▸ Task brief:
Your copy of the data should leave out the images and match everything else exactly.

▸ Source data:
===

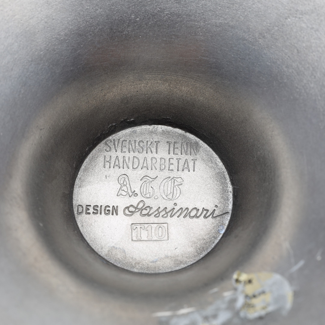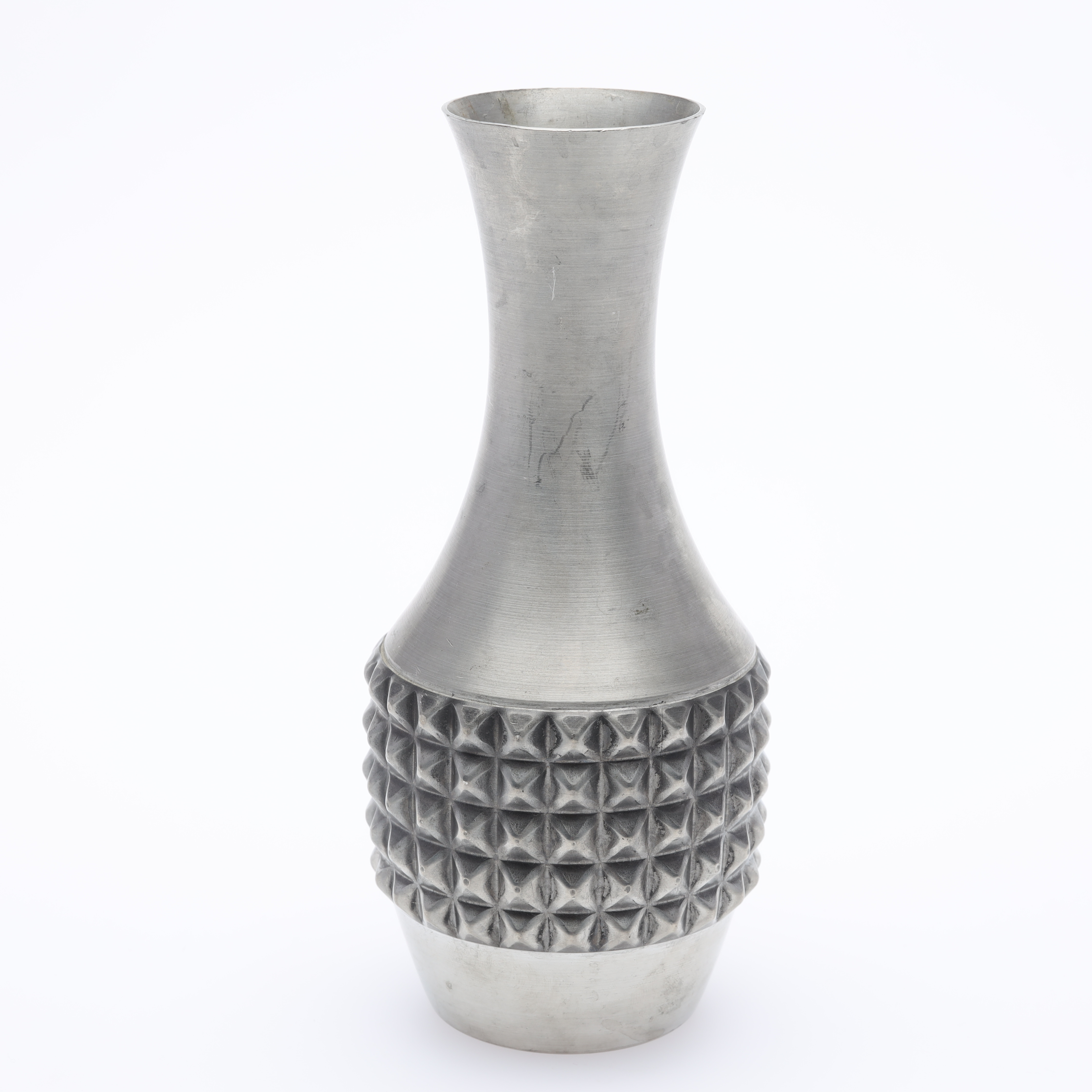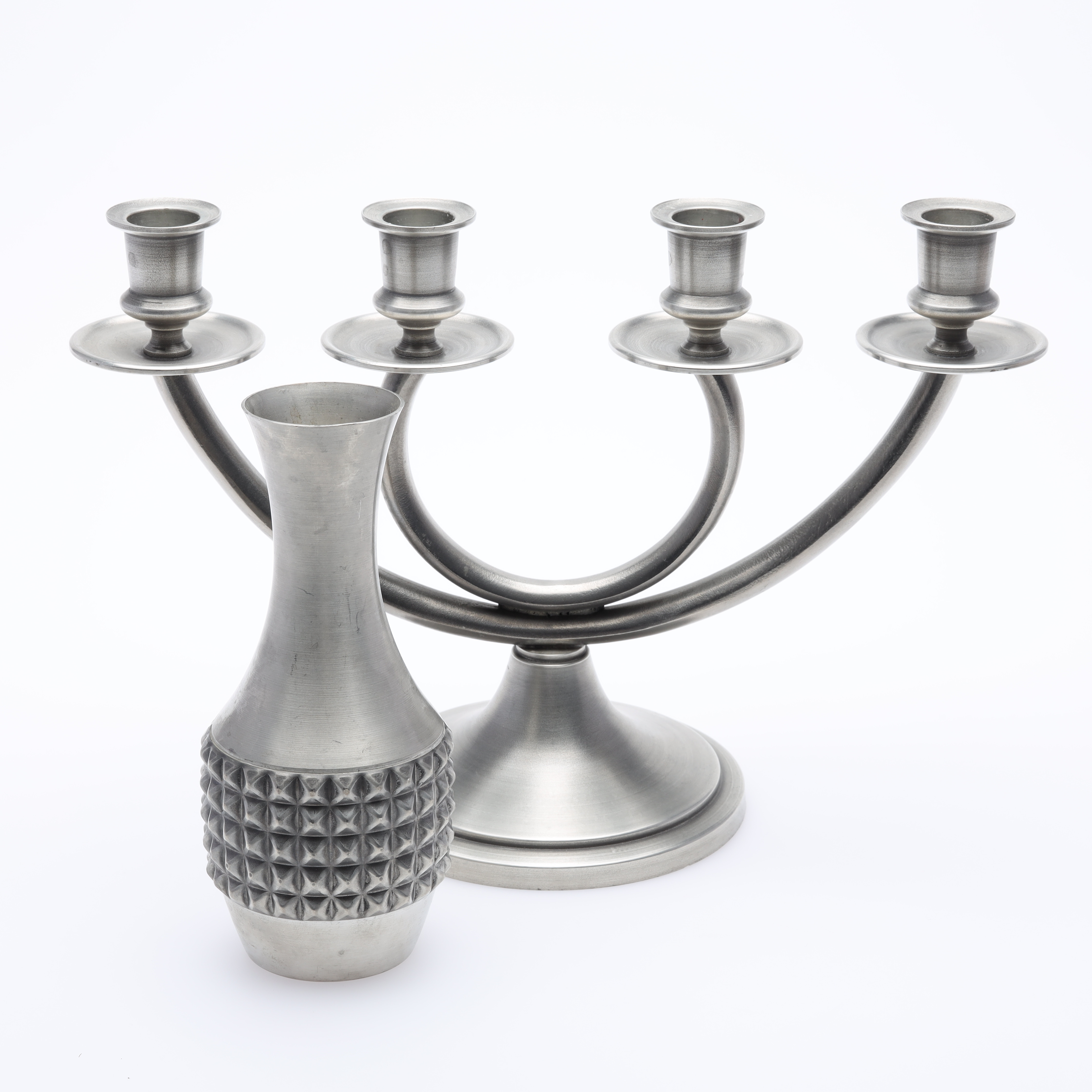 2498780. TIN OBJEKTER, vase, kandelabre, 2 dele.
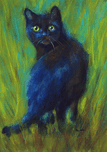 BLACK CAT IN THE GREEN GRASS ACRYLIC PAINTING
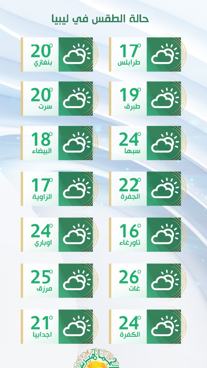 تتكاثر السحب يوم غد على الخليج وسهل بنغازي والجبل الأخضر، والرياح متغيرة الاتجاه إلى جنوبية شرقية، خفيفة إلى معتدلة السرعة، بينما تتراوح درجات الحرارة القصوى بين 15 و21 درجة مئوية على غالبية المناطق.

===

▸ Finished exercise:
 2498780. TIN OBJEKTER, vase, kandelabre, 2 dele.
 BLACK CAT IN THE GREEN GRASS ACRYLIC PAINTING
 تتكاثر السحب يوم غد على الخليج وسهل بنغازي والجبل الأخضر، والرياح متغيرة الاتجاه إلى جنوبية شرقية، خفيفة إلى معتدلة السرعة، بينما تتراوح درجات الحرارة القصوى بين 15 و21 درجة مئوية على غالبية المناطق.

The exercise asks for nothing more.